White Nationalists were equally mistaken about the trajectory of the Republican Party. The Far Right didn’t anticipate the Tea Party. Most White Nationalists assumed the GOP would continue its long muddled drift to the Left.

In hindsight, much of what is going on today was entirely predictable, and represents a continuation of long term trends. A few recent news items shed considerable light on what is really going on here.

1.) In The Los Angeles Times, a Gallup poll breaks down Barack Obama’s approval rating: 91% of blacks support him, 55% of Hispanics, and 36% of Whites.
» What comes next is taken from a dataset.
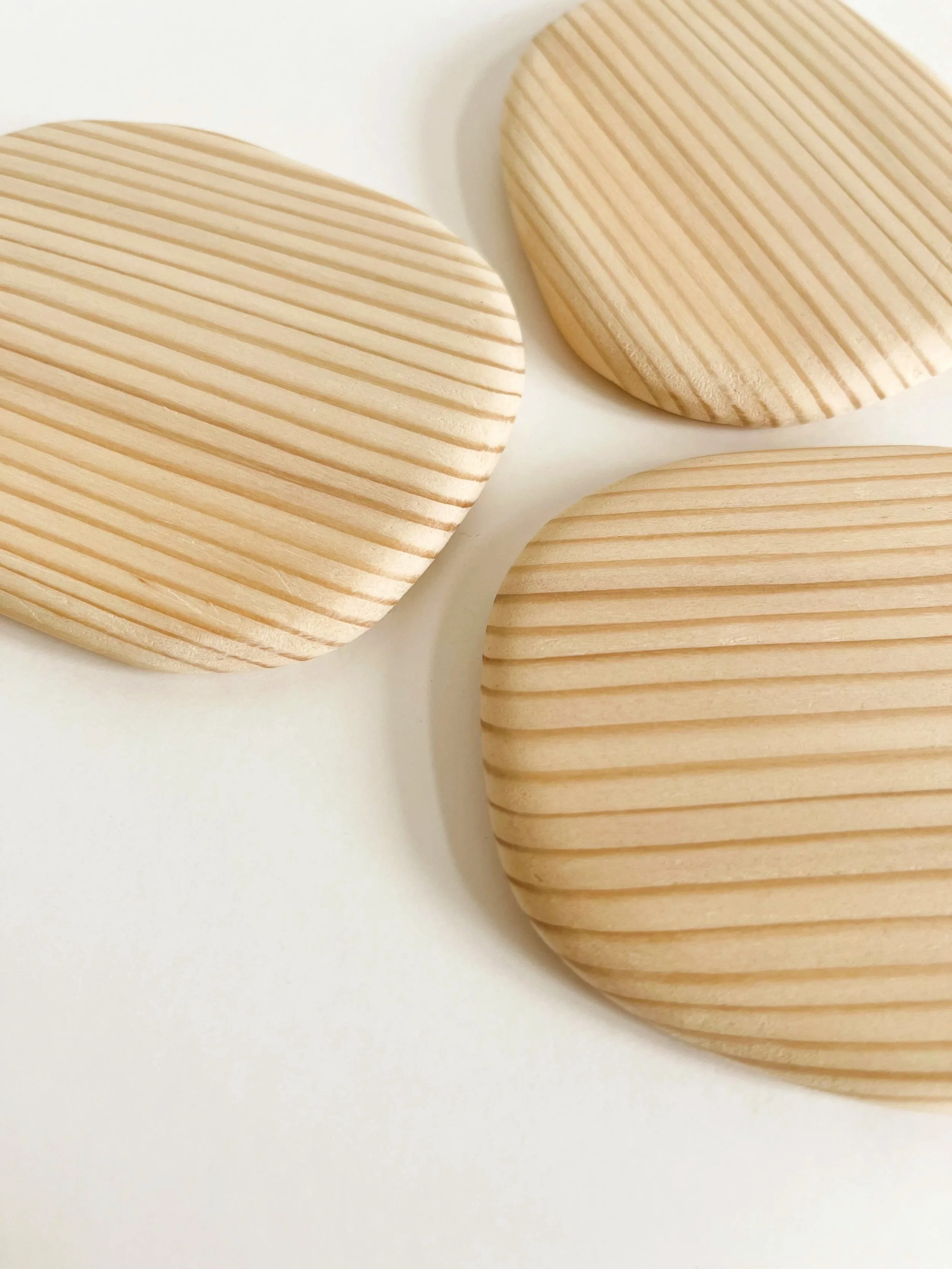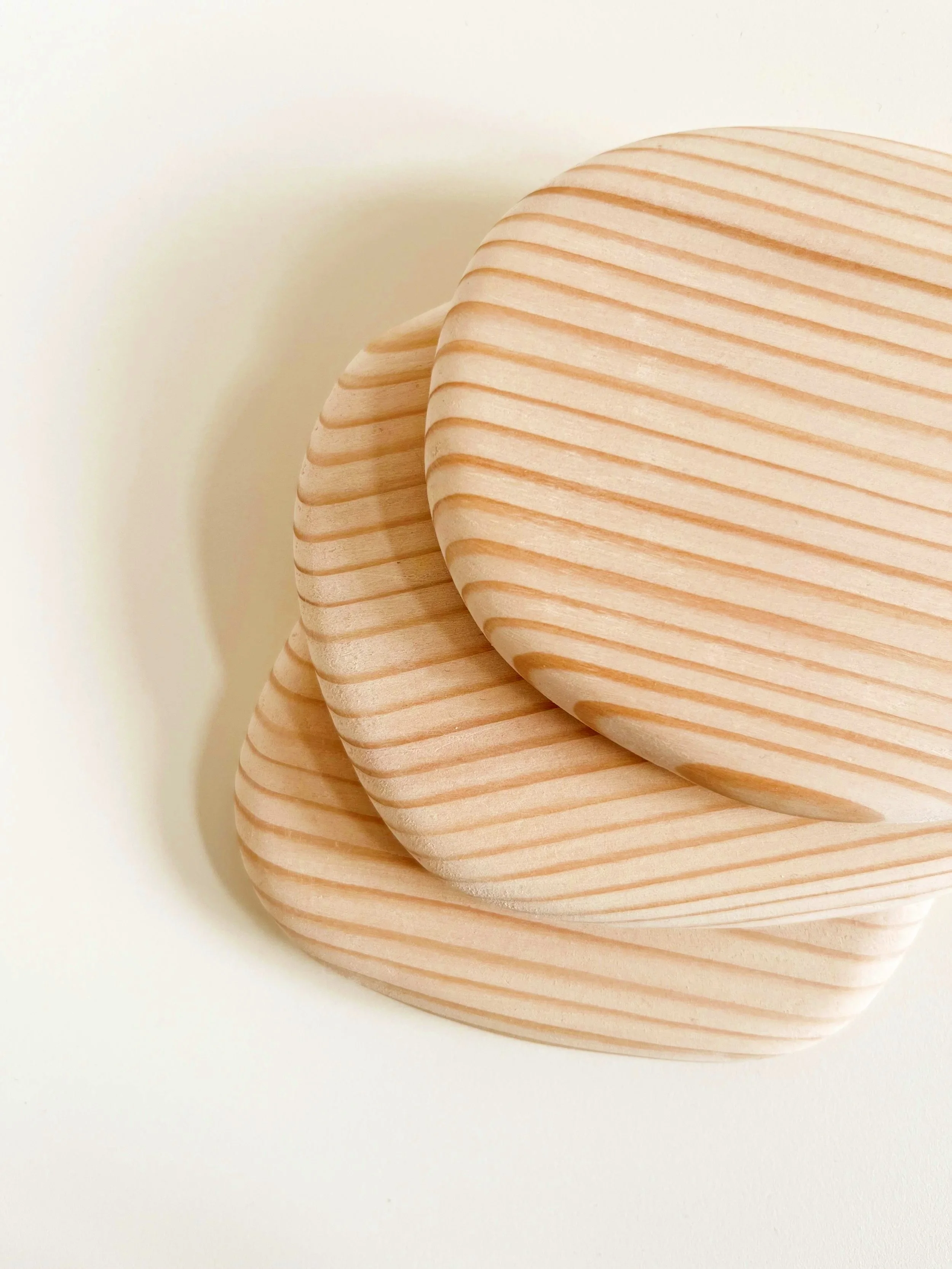 Die Untersetzer gibt es als 3er-Set. Sie sind aus einem recycelten Fichtenholz-Brett entstanden. Ich habe sie frei zugesägt. Daher ist jeder Untersetzer etwas anders in der Form.

By region, 52% of Easterners, 45% of Midwesterners and Westerners, and 41% of Southerners.

Moral of the story: Obama has lost White voters in South, West, and Midwest and is only breaking even with them in the East.

2.) John Raese has climbed ahead of Joe Manchin in the West Virginia Senate race. The West Virginia GOP will be planting 2,500 yard signs that simply read “Obama Says ‘Vote Democrat” in this election cycle.

In West Virginia, Obama receives his third highest negative approval rating, a Jacksonian Democrat state full of working class Whites that Bill Clinton twice carried.

Moral of the story: Obama’s dismal unpopularity with Jacksonian Democrats in West Virginia is dragging down Joe Manchin who is a popular governor.

3.) In 2010, only 20% of Americans trust the government “to do the right thing all or most of the time.” After Watergate, the number was 36%. When Eisenhower was president, 76% of Americans trusted the government.

Moral of the story: The federal government has suffered a catastrophic collapse of legitimacy among someone. Who?

4.) In The New York Times, the growing ranks of Independent voters are disgusted by a general sense of malaise in America, not only by the terrible economy.

Moral of the story: The decline of legitimacy in established institutions like Congress and the mass media seems to have deeper causes.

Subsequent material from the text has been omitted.